#### Problem statement
The whole listing that follows, pictures excepted, should be printed again exactly as given.

#### Supplied material
--------------------

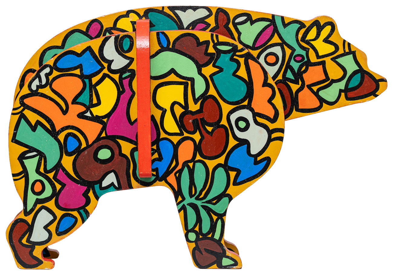 This sculpture is part of a series titled 'Domesticated Animilia'. The sculptural installations are derived from models of children’s toys, where the striking colours and sturdy lines imitate the world of toddlers with joyful expressions, while replicating the wilderness of childhood experiences. The creations bring forth a hidden side of Laxman Aelay — his role as a playful grandfather to his three grandsons, translating his emotions through these domesticated wild beasts in toy-like forms.
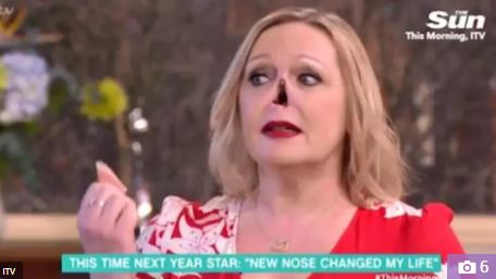 The inspirational guest was explaining how ITV's This Time Next Year had helped transform her face, when she reached up and showed the nose was cleverly attached to her face by magnets.
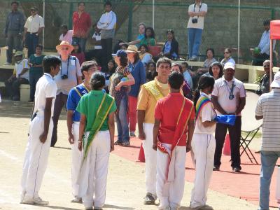 Der lang erwartete Tag war da! Zwei Wochen lang war täglich geprobt worden. Die besten Sportler maßen sich, die Nationalhymne und der schoolsong wurden täglich gesungen und das Marschieren wurde geübt. Ich war wirklich überrascht, mit wieviel Aufwand und Liebe der Sportplatz einer befreundeten Schule (unserer ist zu klein) gestalten worden war, um den Tag für Schüler, Eltern, Lehrer und Gäste zu einem wirklich besonderen Ereignis zu machen:

--------------------

#### Response
 This sculpture is part of a series titled 'Domesticated Animilia'. The sculptural installations are derived from models of children’s toys, where the striking colours and sturdy lines imitate the world of toddlers with joyful expressions, while replicating the wilderness of childhood experiences. The creations bring forth a hidden side of Laxman Aelay — his role as a playful grandfather to his three grandsons, translating his emotions through these domesticated wild beasts in toy-like forms.
 The inspirational guest was explaining how ITV's This Time Next Year had helped transform her face, when she reached up and showed the nose was cleverly attached to her face by magnets.
 Der lang erwartete Tag war da! Zwei Wochen lang war täglich geprobt worden. Die besten Sportler maßen sich, die Nationalhymne und der schoolsong wurden täglich gesungen und das Marschieren wurde geübt. Ich war wirklich überrascht, mit wieviel Aufwand und Liebe der Sportplatz einer befreundeten Schule (unserer ist zu klein) gestalten worden war, um den Tag für Schüler, Eltern, Lehrer und Gäste zu einem wirklich besonderen Ereignis zu machen:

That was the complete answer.